In chapter three of Between Saying and Doing, Brandom brings up the idea of a nonalgorithmic practical elaboration of abilities which he calls practical
PP-sufficiency by training. I find this idea exciting, yet somewhat mysterious. It
seems clear that something like this does and must occur to explain many aspects of
language use. I was hoping you could say a little bit more about how the training
process can lead to an extension or application of abilities, how something like
this would work. You seem to have in mind an ability which cannot be learned by
following an antecedently specifiable set of rules but which must be shown through
example where the example can be seen as a sort of embodiment of a rule. There seems
to be an exciting parallel to the distinction you draw out in Making it Explicit
between what is implicitly done in practice and what can be explicitly stated in
language (how what is in fact done can in a sense be codified into a rule where no
antecedent rule could be provided).
Laura Davis
On page 80 in chapter three, you say:
"One need not be omniscient about the significance of a bit of vocabulary
in order to deploy it meaningfully. But if one has /no/ idea what
practical consequences for other commitments a claim using it would have,
then one associates no meaning with it at all."

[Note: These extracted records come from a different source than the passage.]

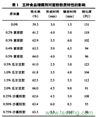 1、五種增稠劑對面粉粉質(zhì)特性的影響
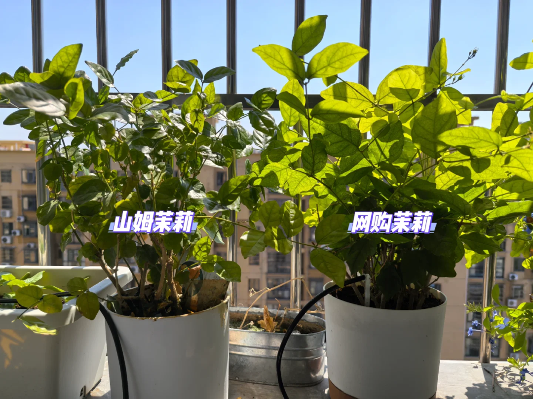 只见图片中的两盆茉莉,一个来自拼夕夕,花了9.9,另一个来自山姆,花费19.9,但拼夕夕买的茉莉状态却好很多。
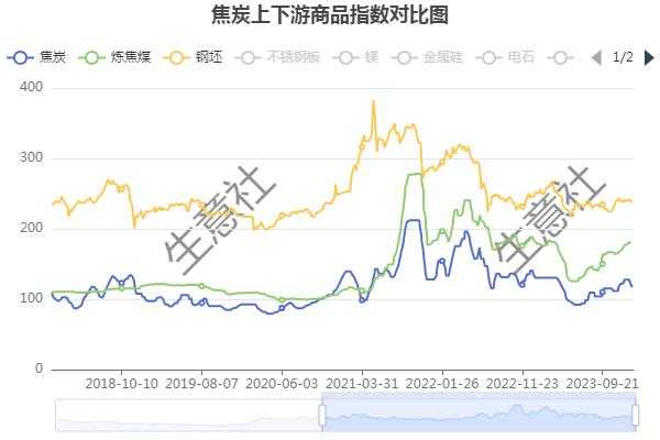 进入9月后焦煤市场率先回暖,焦企心态受到提振,同时期在下游成材市场“金九银十”的旺季提振下连续多轮提涨,至10月末成材市场表现不佳叠加原料焦煤价格回落,焦炭市场短暂回落了一轮。11月中随着焦煤市场再次走高以及下游钢厂积极入市补库,焦炭市场继续连涨三轮。
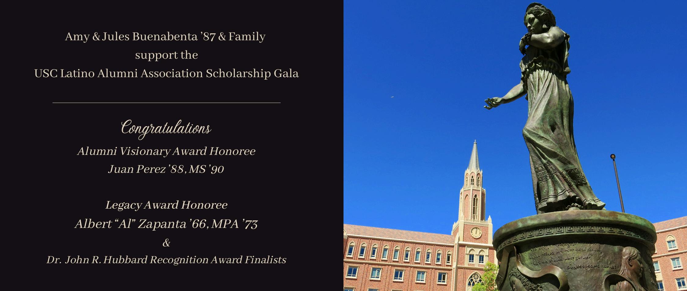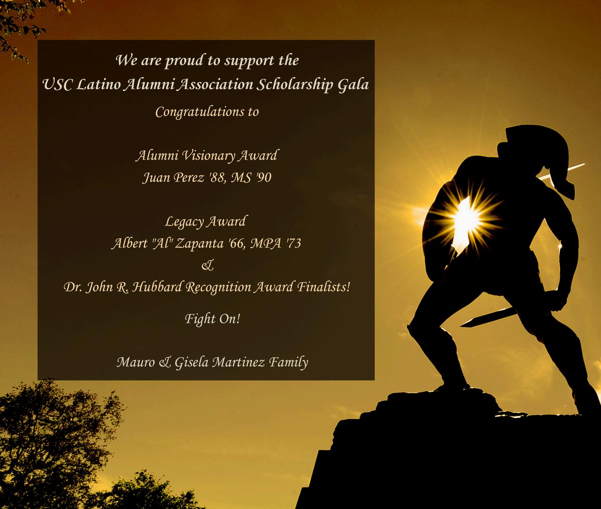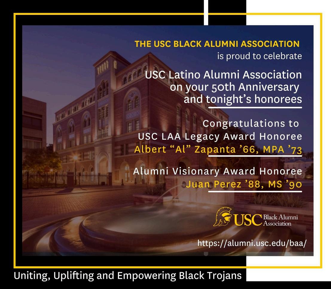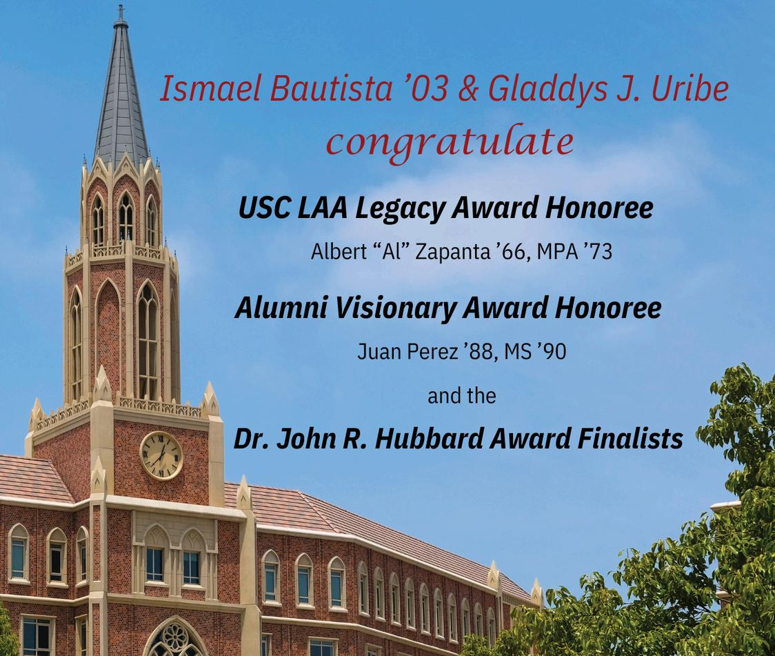 We proudly support the USC Latino Alumni Association Scholarship Gala Congratulations Legacy Award Honoree

and later bring up your concerns of a pedagogical nature, namely regarding
preferential treatment to one-way of "step-by-step" training that seems to
naturally favor some candidates than others by predisposition.
Together these make me ask is if a word's meaning to you has simply become
a sort of compass in a network of relations, how to engage with the idea
of what makes 'proper' doxastic updating.
And so, on what basis are we now to evaluate the meanings between
different individuals' words? If A's meaning of the same word as B's
belongs to a more expansive set of commitments and entitlements, but in
practice, both individuals 'get the same out of it' -- i.e. for one, do
not mistakenly use their set of commitments and entitlements, and two, use
it for the same practical function -- is one group of inferences to be
preferred to the other? One question to ask then is "Is bigger always
better"? But rather than that -- what is there to be preferred?